El pánico casi la indujo a una actitud de desafío total; pero en el límite se sintió intimidada por la autoridad de George. Él tenía treinta y cinco años, era un hombre rico e influyente, y en general una personalidad formidable. Ella tenía sólo dieciocho, temía a su patrón, y estaba muy lejos de su casa. La joven trató de ganar tiempo. Según dijo, aún no sabía nada de su madre, y después de todo la palabra de su progenitora era la que más influía en su propia opinión. Y en todo caso, al margen de lo que su madre dijera, ella necesitaba tiempo. Necesitaba un mes, dos meses, quizá tres. Tenía que adaptarse a la idea del matrimonio. Tiempo para esto, para aquello y para lo otro; inventaba excusas, algunas razonables y otras insostenibles.
George no se molestó en examinarlas. Le bastó saber que había quebrado la primera resistencia, que ella había realizado la primera concesión. El resto seguiría según había sido planeado.
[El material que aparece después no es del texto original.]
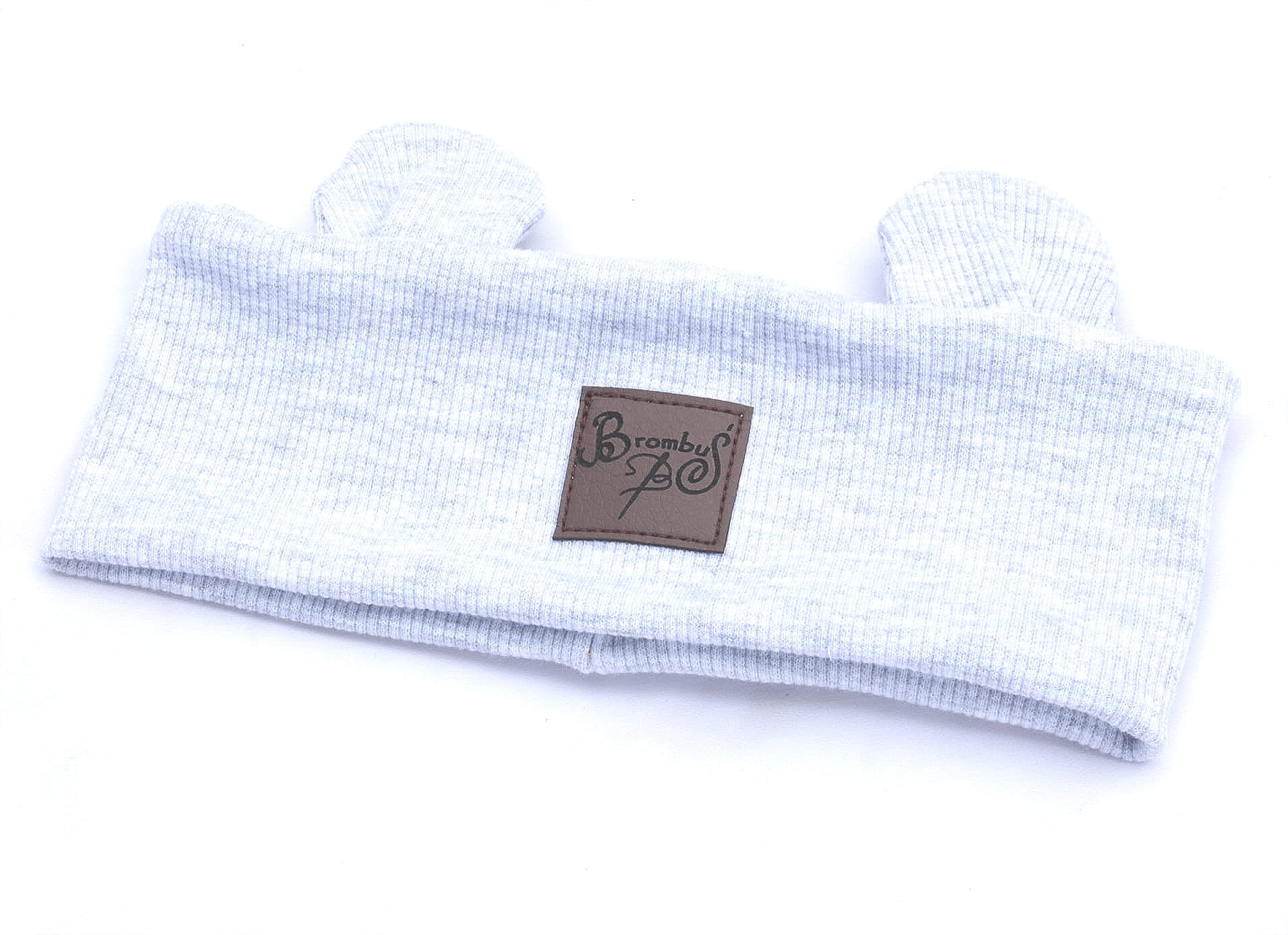 Ręcznie szyta opaska z uszkami w jasnoszarym kolorze. Elastyczna, wygodna i urocza – idealna dla najmłodszych.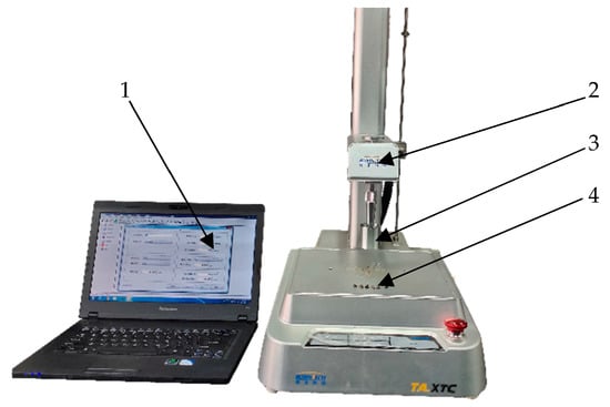 Uniaxial compression test of buckwheat seeds: (1) control panel; (2) texture analyzer; (3) detection probe; and (4) buckwheat seeds.

La única concesión que hizo a las objeciones fue que invitaría al reverendo Whitworth a permanecer cinco minutos en el despacho, cuando al día siguiente viniera a tomar el té, para advertirle que su futura novia estaba un poco nerviosa y que necesitaba tiempo para adaptarse.
Ossie no estaba nervioso. Tampoco se sentía tenso. Un joven robusto, con gruesas piernas que podrían haber pertenecido a un marinero, tenía cabal conciencia de su buena apariencia, su buena cuna, su voz potente y su amplio conocimiento de la última moda en ropas de hombre. Su designación en el cargo eclesiástico había moderado sólo marginalmente el último de estos atributos, y en absoluto los tres primeros. Su experiencia con las mujeres no había sido escasa, pero en lo esencial se limitaba a ciertas casas de mala fama de Oxford y a su primera esposa, a quien había prodigado sus atenciones dos veces por semana hasta que ella falleciera de parto. Como Truro era una población pequeña y su rostro y su atuendo ya eran bastante conocidos, Ossie necesitaba otra esposa por razones más personales que la atención de sus dos hijas huérfanas de madre.
Desde el principio había llegado a la conclusión de que Morwenna era una persona agradable para bailar la gavota, y para charlar y comer bollos sentados en la sala. En realidad, no le interesaba mucho el rostro de la joven, aunque reconocía que su expresión modesta era muy apropiada para la esposa de un clérigo. Pero el cuerpo era otro asunto. Desde hacía varios días pensaba mucho en esos pechos abundantes bajo la pulcra blusa de muselina gris, en la delgadez de la cintura, en las piernas largas y jóvenes, en los pies notablemente pequeños. Los pies de las mujeres ejercían sobre él una extraña atracción. La idea de que podía llegar a poseer todo eso, la idea de la posesión personal y exclusiva de esa joven, había perjudicado últimamente su concentración mental durante la oración. Aunque, por supuesto, no había permitido que tales pensamientos prevalecieran hasta que estuvo completamente seguro de que Morwenna llegaría acompañada por la suma de 3000 libras esterlinas.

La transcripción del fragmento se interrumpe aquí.